[Records provided]:

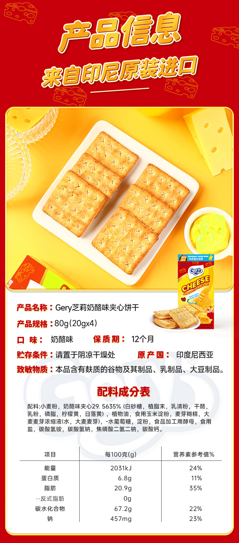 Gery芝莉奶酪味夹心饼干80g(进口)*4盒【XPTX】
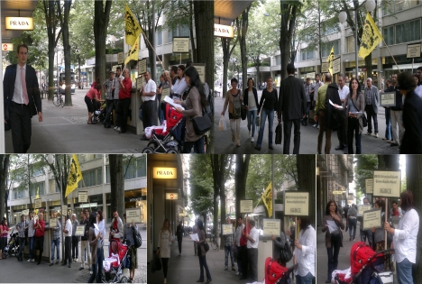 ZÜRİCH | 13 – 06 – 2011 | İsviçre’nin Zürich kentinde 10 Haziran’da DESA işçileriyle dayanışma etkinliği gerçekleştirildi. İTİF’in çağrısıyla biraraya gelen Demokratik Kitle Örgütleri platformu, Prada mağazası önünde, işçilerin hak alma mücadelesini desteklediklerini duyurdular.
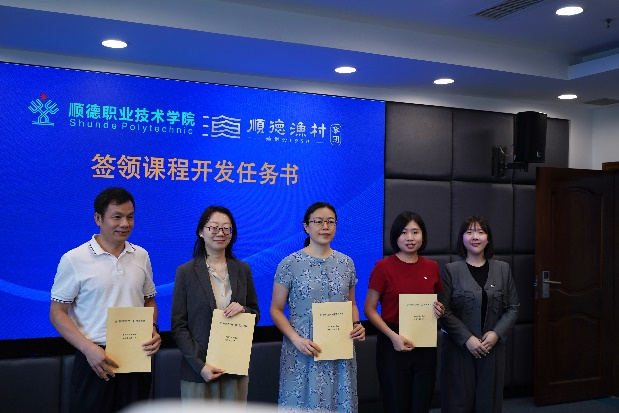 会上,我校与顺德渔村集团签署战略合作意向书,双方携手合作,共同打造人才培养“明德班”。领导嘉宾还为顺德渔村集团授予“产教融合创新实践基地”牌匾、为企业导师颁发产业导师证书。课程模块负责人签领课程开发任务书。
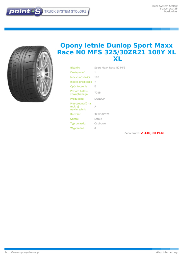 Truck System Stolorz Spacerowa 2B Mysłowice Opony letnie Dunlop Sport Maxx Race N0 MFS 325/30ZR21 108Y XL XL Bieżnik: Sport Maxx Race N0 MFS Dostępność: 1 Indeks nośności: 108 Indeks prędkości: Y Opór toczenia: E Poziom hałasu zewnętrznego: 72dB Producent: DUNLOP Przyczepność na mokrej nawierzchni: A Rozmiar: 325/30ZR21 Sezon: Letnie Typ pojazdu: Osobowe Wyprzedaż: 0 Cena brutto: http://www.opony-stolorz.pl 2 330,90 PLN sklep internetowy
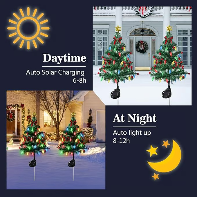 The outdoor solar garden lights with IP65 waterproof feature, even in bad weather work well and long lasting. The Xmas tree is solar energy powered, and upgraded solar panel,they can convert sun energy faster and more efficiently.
* * *
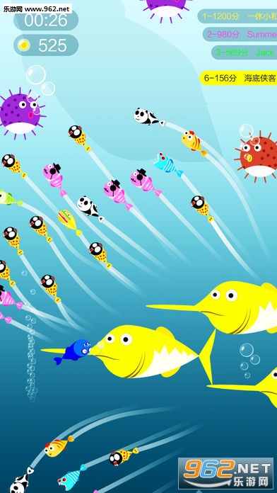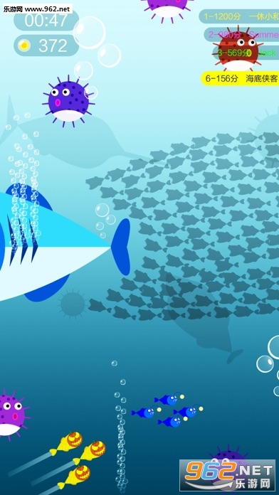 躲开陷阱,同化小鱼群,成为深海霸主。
---
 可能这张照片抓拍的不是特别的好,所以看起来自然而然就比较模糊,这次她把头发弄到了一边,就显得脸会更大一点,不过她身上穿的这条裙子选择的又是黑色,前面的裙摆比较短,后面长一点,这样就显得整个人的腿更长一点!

[What is expected]: Word for word, repeat the lines above from the one with "ZÜRİCH | 13" through the one with "会上,我校与顺德渔村集团签署", and nothing beyond them. Omit the pictures.

[Your solution]:
 ZÜRİCH | 13 – 06 – 2011 | İsviçre’nin Zürich kentinde 10 Haziran’da DESA işçileriyle dayanışma etkinliği gerçekleştirildi. İTİF’in çağrısıyla biraraya gelen Demokratik Kitle Örgütleri platformu, Prada mağazası önünde, işçilerin hak alma mücadelesini desteklediklerini duyurdular.
 会上,我校与顺德渔村集团签署战略合作意向书,双方携手合作,共同打造人才培养“明德班”。领导嘉宾还为顺德渔村集团授予“产教融合创新实践基地”牌匾、为企业导师颁发产业导师证书。课程模块负责人签领课程开发任务书。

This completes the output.